* [Stored data]
· · ·

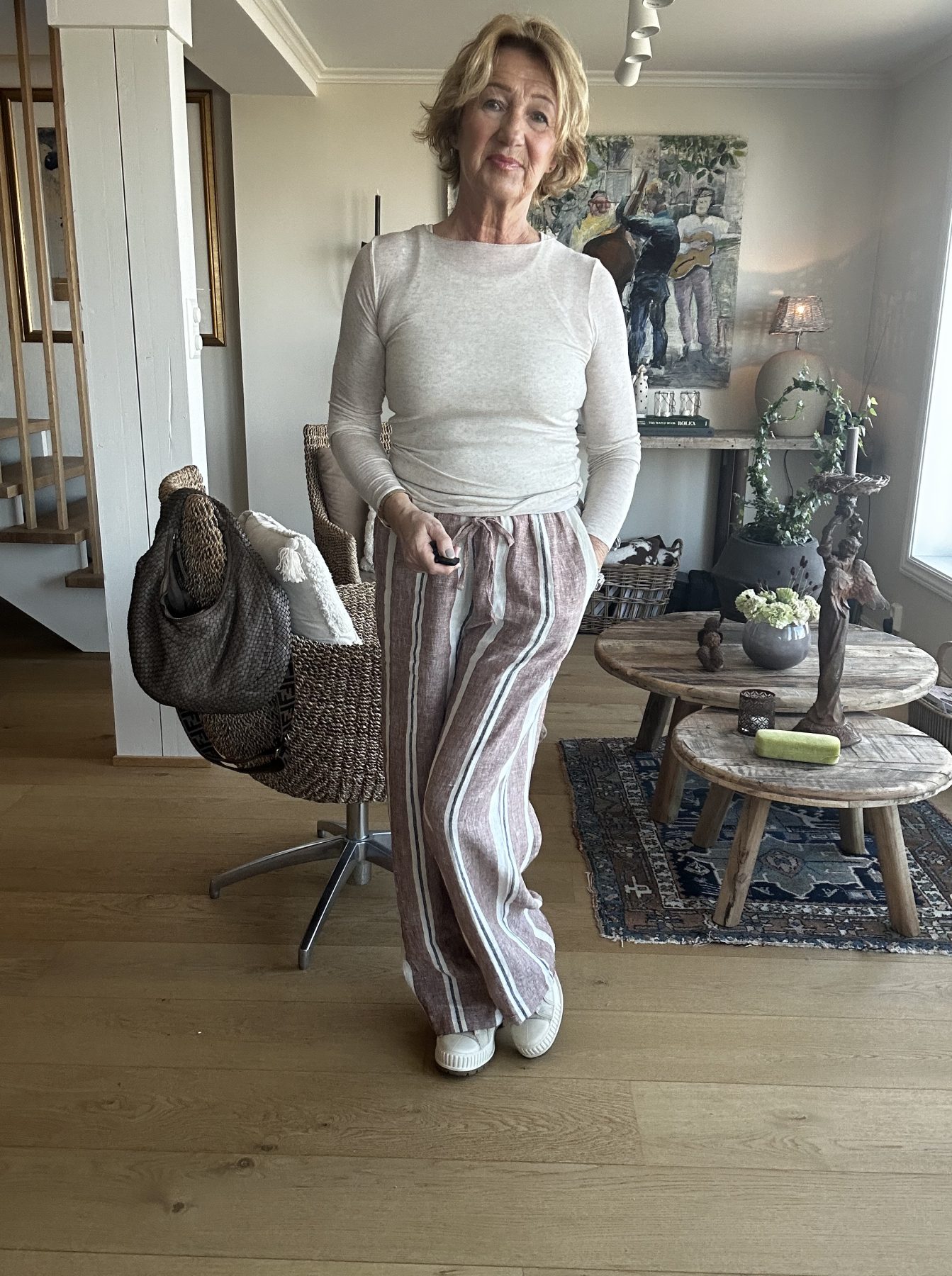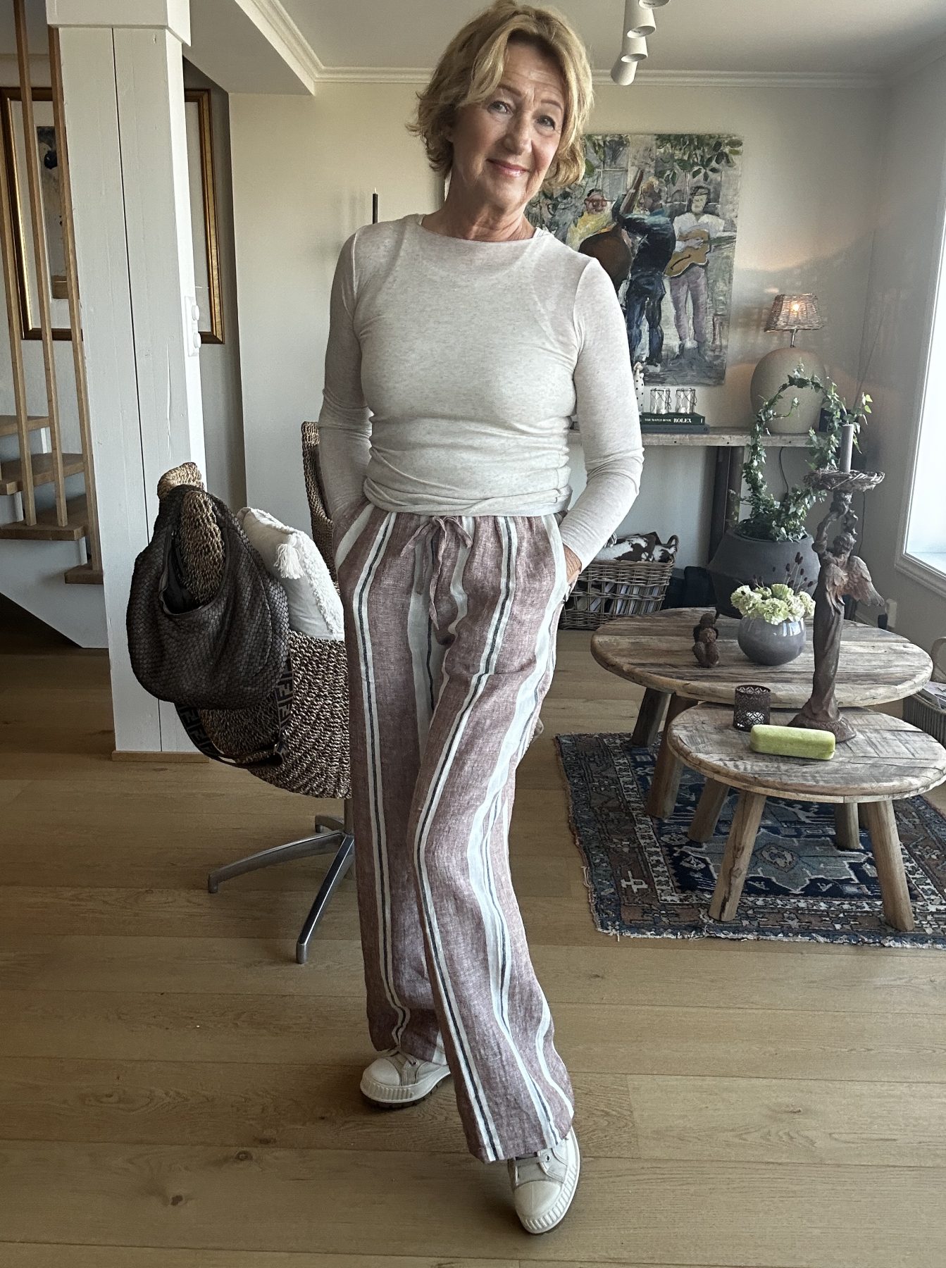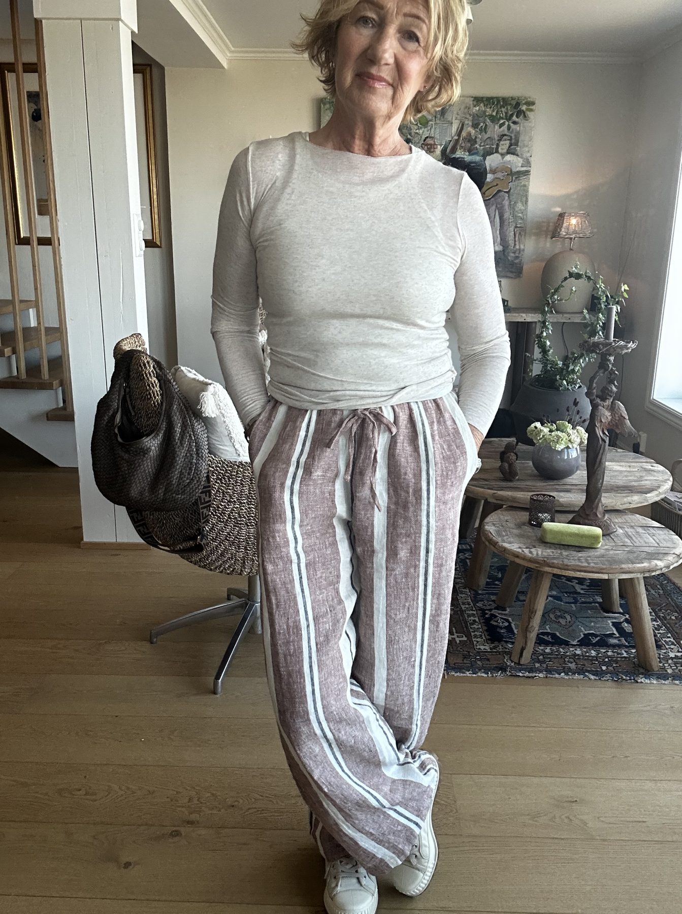 stor i str , strikk i livet og lommer i siden.
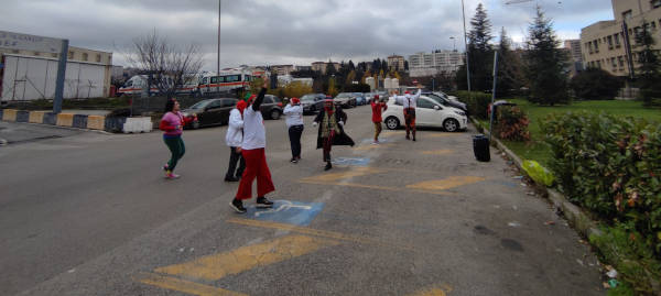 Armati di buon umore, di una cassa, dei nostri abiti più colorati (perché dall’alto ci potessero vedere) sulle note di Jerusalema (diventato il nostro cavallo di battaglia dopo il flashmob organizzato in data 23 ottobre in Piazza Mario Pagano) ci siamo dati appuntamento sotto il padiglione E dell’ospedale San Carlo per ballare e regalare pochi minuti di spensieratezza a quanti (ricoverati, medici, infermieri, oss ecc..) ci hanno osservati dalle finestre.
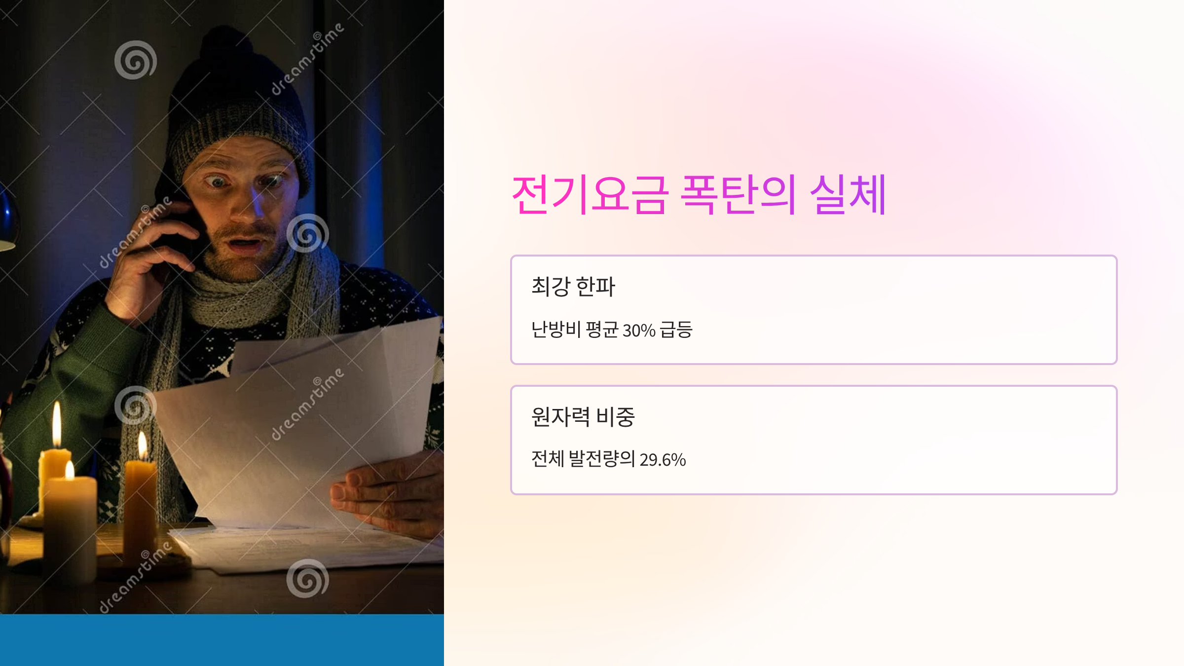 올겨울 최강 한파로 난방비가 평균 30% 급등하며 전국이 전력비용 쇼크에 휩싸였습니다. 많은 가정과 기업들이 치솟는 전기요금에 신음하고 있지만, 정작 이 문제의 근본적인 해법에 대해서는 제대로 알지 못하고 있습니다.
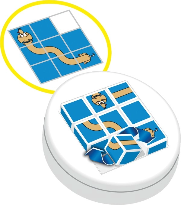 Verplaats je de fiches van kant in 30 beurten. Iedere beurt telt -ongeacht het aantal plaatsen dat je je fiche verplaatst.Een 'pittig' puzzelspelletje.

· · ·

* [Task directions] Skipping any images, write out all the data exactly.

* [Task answer]
 stor i str , strikk i livet og lommer i siden.
 Armati di buon umore, di una cassa, dei nostri abiti più colorati (perché dall’alto ci potessero vedere) sulle note di Jerusalema (diventato il nostro cavallo di battaglia dopo il flashmob organizzato in data 23 ottobre in Piazza Mario Pagano) ci siamo dati appuntamento sotto il padiglione E dell’ospedale San Carlo per ballare e regalare pochi minuti di spensieratezza a quanti (ricoverati, medici, infermieri, oss ecc..) ci hanno osservati dalle finestre.
 올겨울 최강 한파로 난방비가 평균 30% 급등하며 전국이 전력비용 쇼크에 휩싸였습니다. 많은 가정과 기업들이 치솟는 전기요금에 신음하고 있지만, 정작 이 문제의 근본적인 해법에 대해서는 제대로 알지 못하고 있습니다.
 Verplaats je de fiches van kant in 30 beurten. Iedere beurt telt -ongeacht het aantal plaatsen dat je je fiche verplaatst.Een 'pittig' puzzelspelletje.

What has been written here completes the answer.